Lightning seeks a conductive path to earth. A most common source of
lightning strikes is to AC utility wires. Incoming on AC mains, into
house, and out to earth ground via transformer.
Transformer provides galvanic isolation. But if that surge is too
large, then galvanic isolation will be overwhelmed. Transformer
primary (120 volt) and secondary (12 volt) conduct the surge to earth.
Do you think a power strip protector will stop what three miles of
sky could not? That is what another here has recommended. Real world
protection is about earthing that surge before it even enters a house.
Same one protector that is sufficiently sized to remain functional
after each lightning strike. Same one protector that also protects
everything inside a building.
The best information I have seen on surge protection is at
http://www.mikeholt.com/files/PDF/LightningGuide_FINALpublishedversion_May051.pdf
- w_tom provided the link to this guide
- the title is "How to protect your house and its contents from
lightning: IEEE guide for surge protection of equipment connected to AC
power and communication circuits"
- it was published by the IEEE in 2005
- the IEEE is the dominant organization of electrical and electronic
engineers in the US
A second guide is
http://www.nist.gov/public_affairs/practiceguides/surgesfnl.pdf
- this is the "NIST recommended practice guide: Surges Happen!: how to
protect the appliances in your home"
- it is published by the National Institute of Standards and
Technology, the US government agency formerly called the National
Bureau of Standards
- it was published in 2001
Both guides were intended for wide distribution to the general public
to explain surges and how to protect against them. The IEEE guide was
targeted at people who have some (not much - should be easy for anyone
here) technical background.
Both say plug-in surge suppressors are effective.

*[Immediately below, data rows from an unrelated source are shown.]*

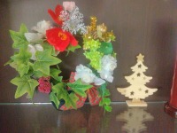そんな雰囲気の中、入居者様からも「これ!作って飾らせてもらってるの」と嬉しいお声が(^o^) 入居者様が、可愛らしいリースとツリーも作って下さいました(*^^*)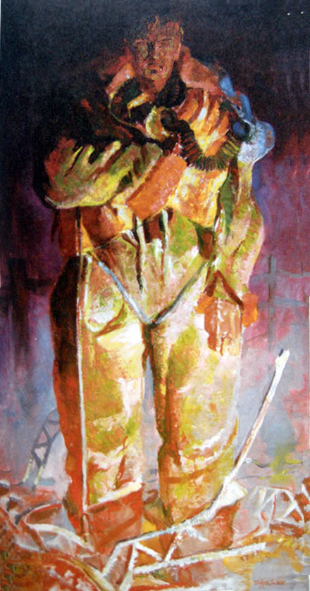 This image is from the Book, "A Nation forged in Fire, Canadians and the Second World War 1939-1945" by J.L. Granatstein and Desmond Morton, 1989. (CWM10733). The artist Eric Aldwinckle was attached to Coastal Command and Fighter COmmand and sometimes flew on operational missions to try to understand the airmen he painted and admired. He has entitled this excellent painting "The Survivor"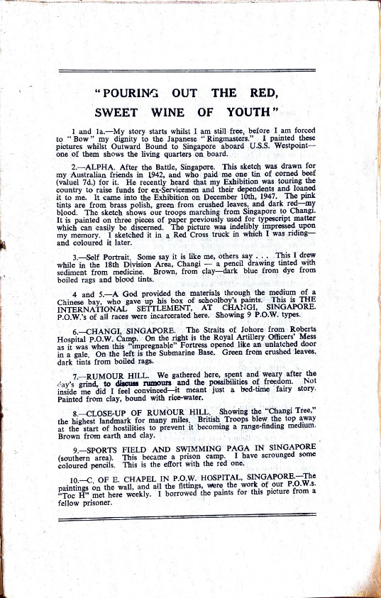 2.—ALPHA. After the Battle, Singapore. This sketch was drawn for my Australian friends in 1942, and who paid me one tin of corned beef (value 7d.) for it. He recently heard that my Exhibition was touring the country to raise funds for ex-Servicemen and their dependents and loaned it to me. It came into the Exhibition on December 10th, 1947. The pink tints are from brass polish, green from crushed leaves, and dark - my red blood. The sketch shows our troops marching from Singapore to Changi. It is painted on three pieces of paper previously used for typescript matter which can easily be discerned. The picture was indelibly impressed upon my memory. I sketched it in a Red Cross truck in which I was riding - and coloured it later.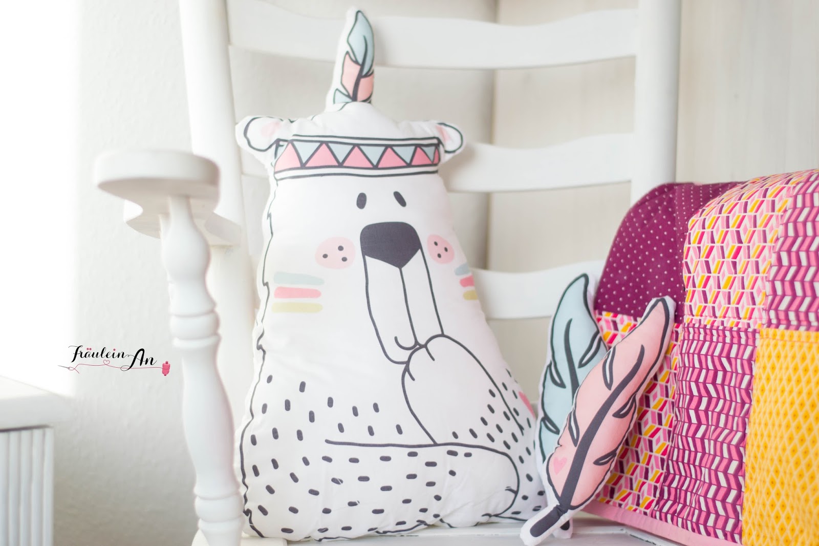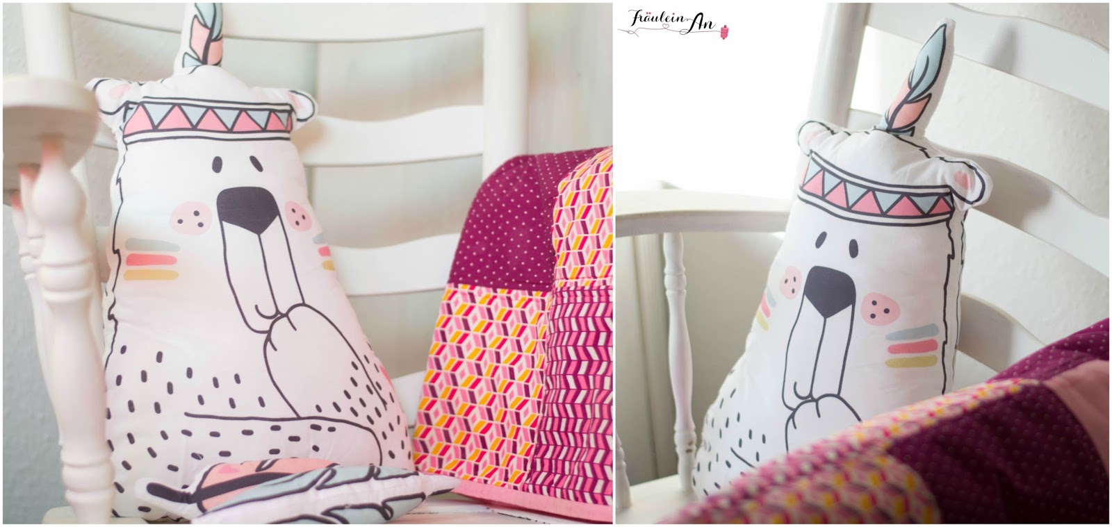 Der Bär hat übrigens das Hasenkissen aus dem Bett abgelöst. Es ist also das neue Kopfkissen bis zum nächsten Kuschelkissen befürchte ich ;-).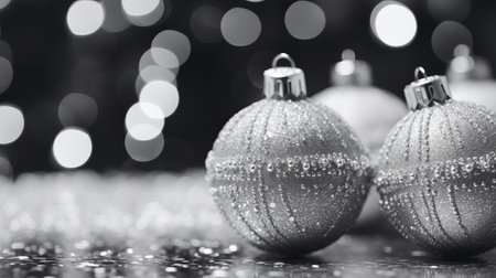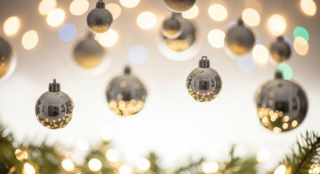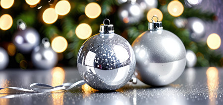 christmas concept with silver ornaments and festive bokeh lights on a reflective surface

For complicated equipment, all interconnected devices, like a computer
and printer, need to connect to the same surge protector. If a device,
like a computer, has external connections like phone or LAN, all those
wires have to run through the surge suppressor for protection. This
type of suppressor is called a surge reference equalizer (SRE) by the
IEEE (also described by the NIST). The idea is that all wires connected
to the device (power, phone, CATV, LAN, ...) are clamped to a common
ground at the SRE. The voltage on the wires passing through the SRE are
held to a voltage safe to the connected device. The primary action is
clamping, not filtering or earthing.